### [Problem description]
Please copy, exactly as written, the span from the first line below to the line that contains "This features a", including both, and skip the pictures.

### [Data section]
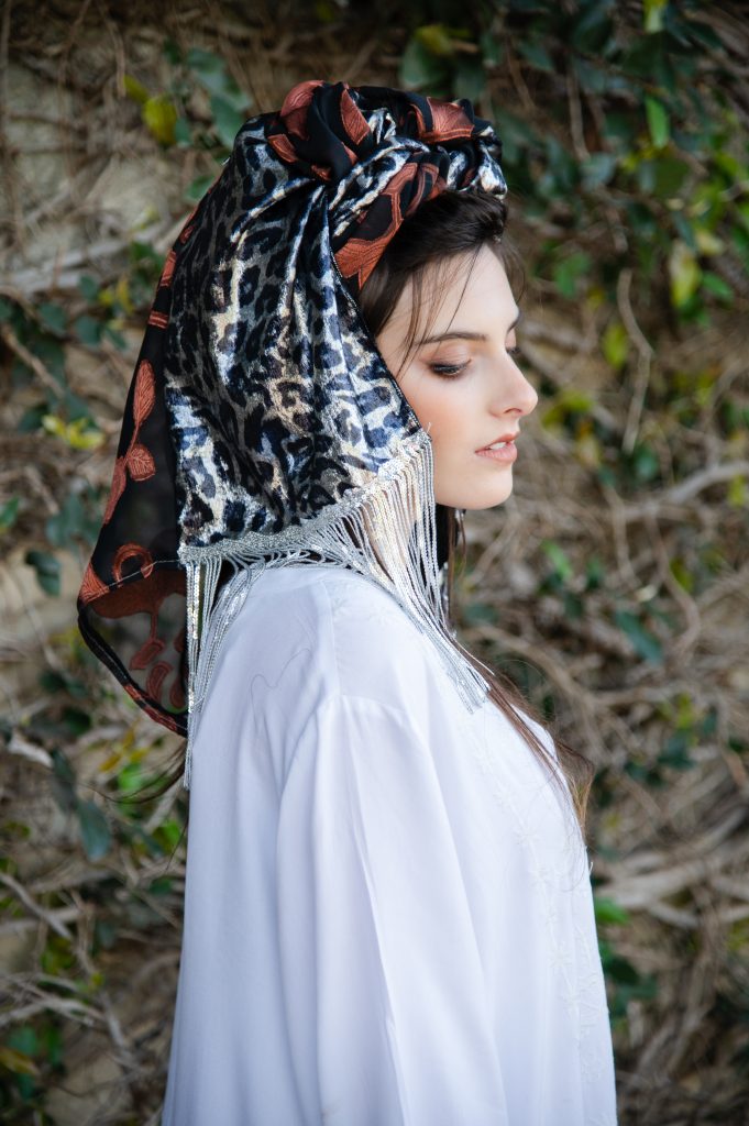 מטפחות מעוצבות העשויות מחומרים משובחים תחת שילוב מנצח העובר תחת ידי אורית אורפלי מעצבת המותג.
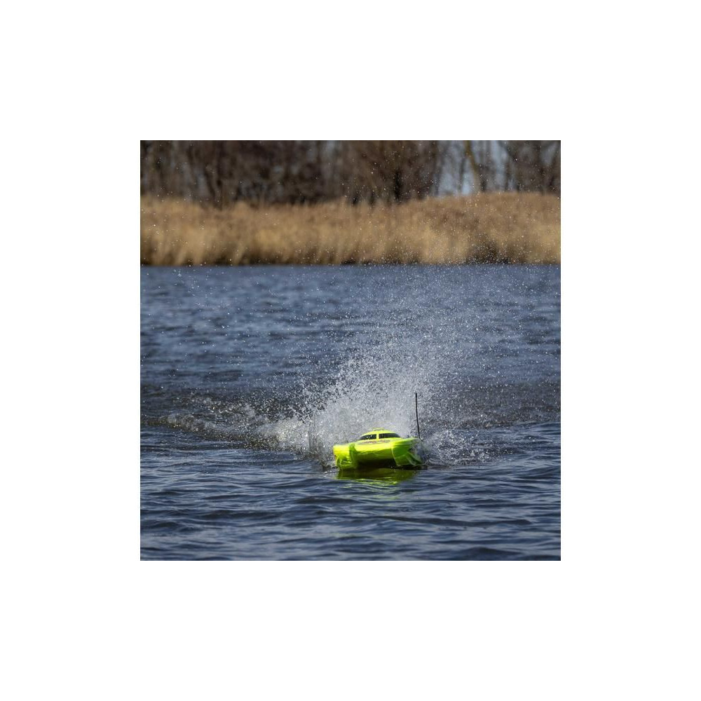 Tartalmaz egy Spektrum SLT2 2 ,4 GHz-es 2 csatornás adó és egy hajóállvány a karbantartáshoz vagy bemutatáshoz. Csak adj hozzá 4S LiPo akkumulátorokat (2x 2S 5000mAh) és egy kompatibilis töltőt, és máris indulhatsz a vízre (az akkumulátorok és a töltő külön megvásárolható).
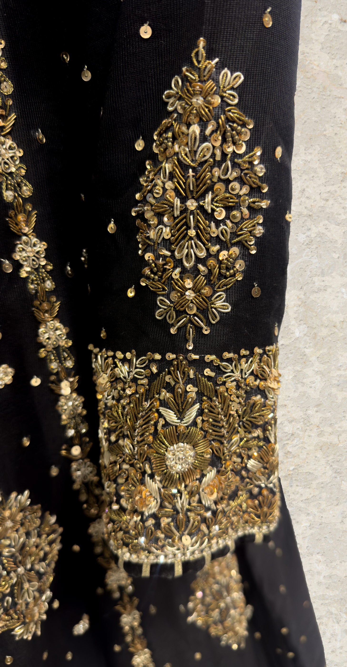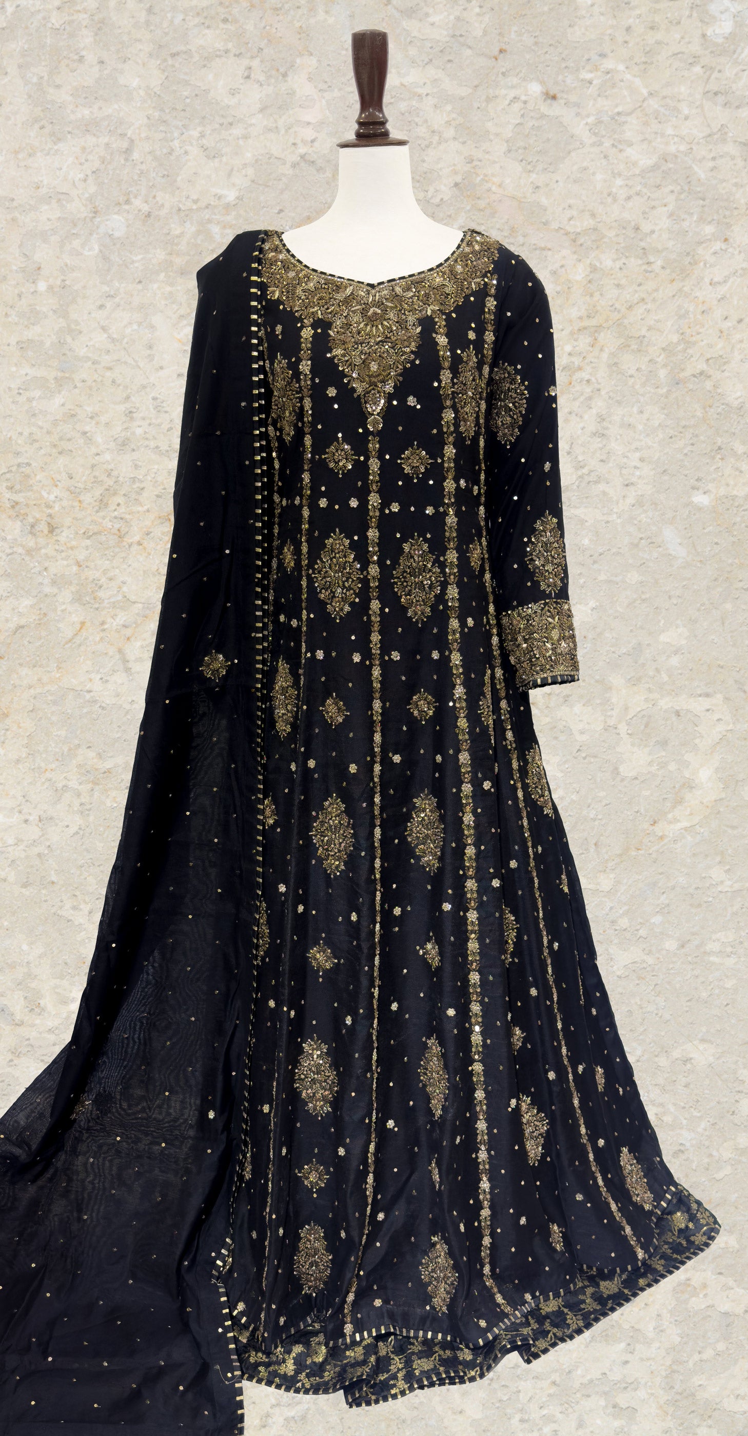 This elegant black maxi is crafted from premium cotton net, giving it a soft, airy flow with a refined, graceful appearance. The outfit is intricately embellished with pure handmade Zardozi Kacha work, showcasing traditional craftsmanship and detailed artistry. The classic black color adds sophistication and timeless charm, making this maxi a perfect choice for weddings, festive events, and formal occasions.
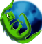 This features a green lizard with its arms outstretched, positioned in the center of a blue circle. This unique design is reminiscent of the Firefox logo and has been creatively adapted to represent Mozilla the Lizard. The lizard's pose and the vibrant colors make it an eye-catching and memorable icon for the K-Meleon internet browser.
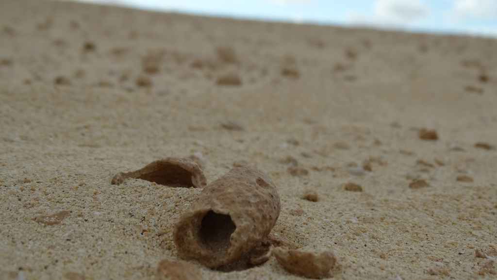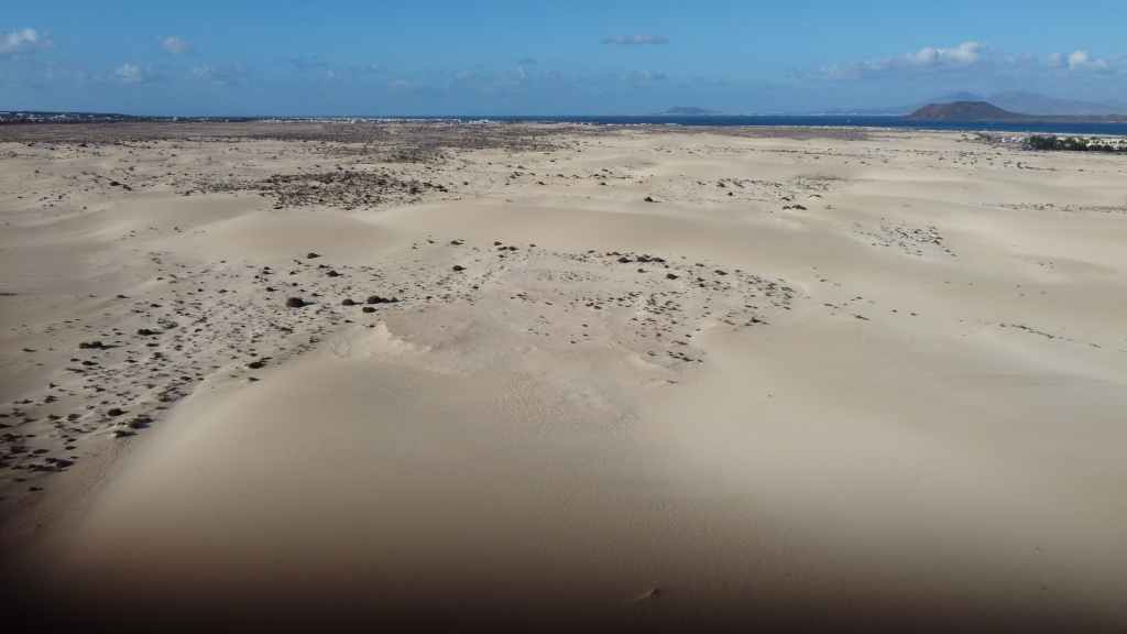 On y découvre les fossiles de nids d’abeilles maçonnes, en forme de petits œufs ovoïdes creux, datant de plusieurs milliers d’années. Ce petit désert a une surface d’environ 18 km2. Puis nous allons de nouveau à Corralejo sur un parking près de la mer, mais aussi près d’une route finalement très bruyante pendant la nuit.

### [Final answer]
 מטפחות מעוצבות העשויות מחומרים משובחים תחת שילוב מנצח העובר תחת ידי אורית אורפלי מעצבת המותג.
 Tartalmaz egy Spektrum SLT2 2 ,4 GHz-es 2 csatornás adó és egy hajóállvány a karbantartáshoz vagy bemutatáshoz. Csak adj hozzá 4S LiPo akkumulátorokat (2x 2S 5000mAh) és egy kompatibilis töltőt, és máris indulhatsz a vízre (az akkumulátorok és a töltő külön megvásárolható).
 This elegant black maxi is crafted from premium cotton net, giving it a soft, airy flow with a refined, graceful appearance. The outfit is intricately embellished with pure handmade Zardozi Kacha work, showcasing traditional craftsmanship and detailed artistry. The classic black color adds sophistication and timeless charm, making this maxi a perfect choice for weddings, festive events, and formal occasions.
 This features a green lizard with its arms outstretched, positioned in the center of a blue circle. This unique design is reminiscent of the Firefox logo and has been creatively adapted to represent Mozilla the Lizard. The lizard's pose and the vibrant colors make it an eye-catching and memorable icon for the K-Meleon internet browser.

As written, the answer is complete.